I don't buy my appliance purchases to be "green". I buy them because they do their job great. As a side-effect, I happen to save money on utilities too. If that makes me "green", so be it.


----------



## krankykitty (May 16, 2008)

hmmmm... for what it is worth, my front-loader actually washes better and faster than my old top-loader did. this is sortof a big deal, as i work in the oilfield, and an always shoving nasty greasy coveralls into it. have never had any problems with dirt from one load getting on the next load. as an aside, the rig i work on has maytag front-loading washer (and the matching dryers) like mine. there are over 100 people on the rig at a time. this = about 100 loads of laundry going through 7 washers per day. they haven't replaced any of the washers in over a year. i think this will probably outlive any standard family use. another thing would be to consider that many laundromats are going over to front loading washers. i would guess that they are not going to select a type of machine that is going to break down quickly...

all of that being said... there is a trick to buying appliances:
1) sign up on home depot, lowes, and many other store's site saying you "moved" they will send you a 10% coupon, good for a single trip, usually up to $5000.
2) wait for a holiday... 4th of July, memorial day, etc all of the appliances go on an additional 10+% off
3) check out the manufacturers' websites. many of them offer rebates if you buy washer/dryer pairs
4) sometimes the box stores offer rebates on energy star appliances
5) and, as a previous poster mentioned, sometimes you can get a much better deal at the end of the year

now, add up your 20% off, subtract the rebates and discounts, and count in the free delivery....

and maybe that high-end washer/dryer combo is cheaper than you thought. was for me anyway.


----------



## fierysun (Aug 2, 2007)

I've had my Whirlpool Duets for about 7 years now without any issues. We're able to wash larger loads of clothes compared to the extra large washer and dryer pair we had before. 

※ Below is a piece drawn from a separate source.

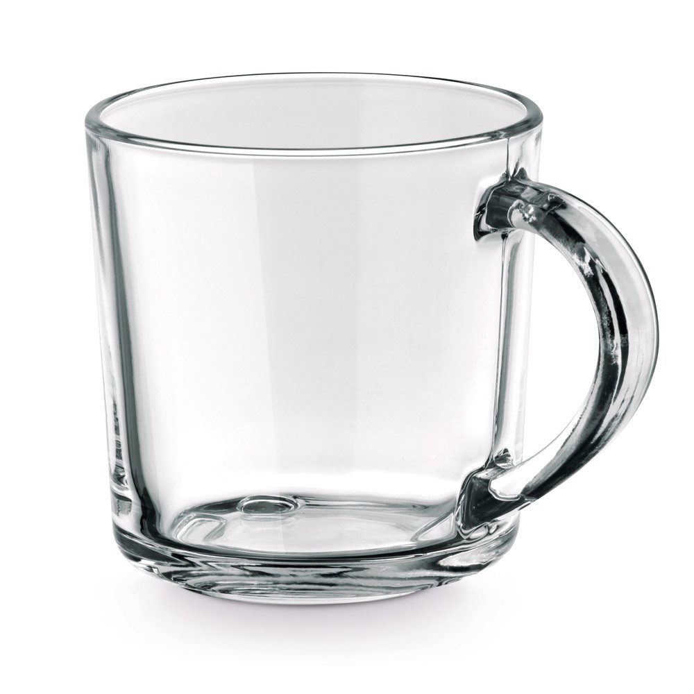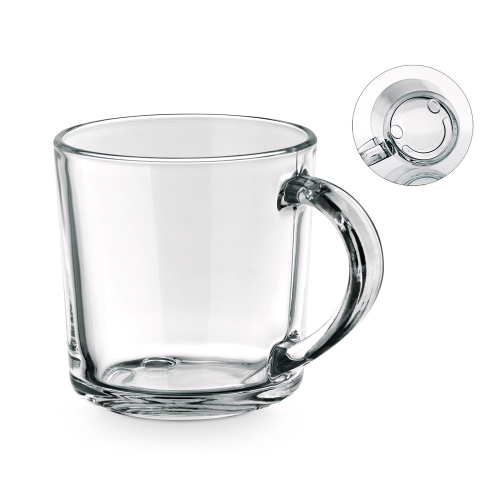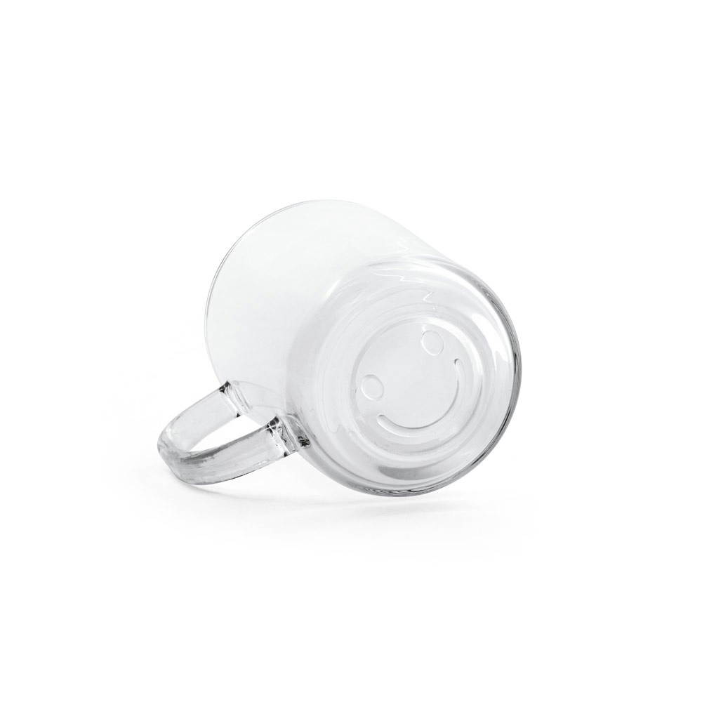 Caneca em vidro com smile na base e capacidade até 230 mL. Fornecida em caixa de oferta. ø72 x 89 mm | Caixa: 75 x 95 x 92 mm

In the past I worked for a retailer that sold appliances and know that there is about 25 - 35% markup on higher end appliances. They really don't make much on the $600 washer and dryer pair. Also, even though the store policy says they don't negotiate on their prices the exception is on open box and return items. There should be a date on the open box tag. This will let you know the last time they marked down the item. Personally, I don't mind a scratch on my washing machine.


----------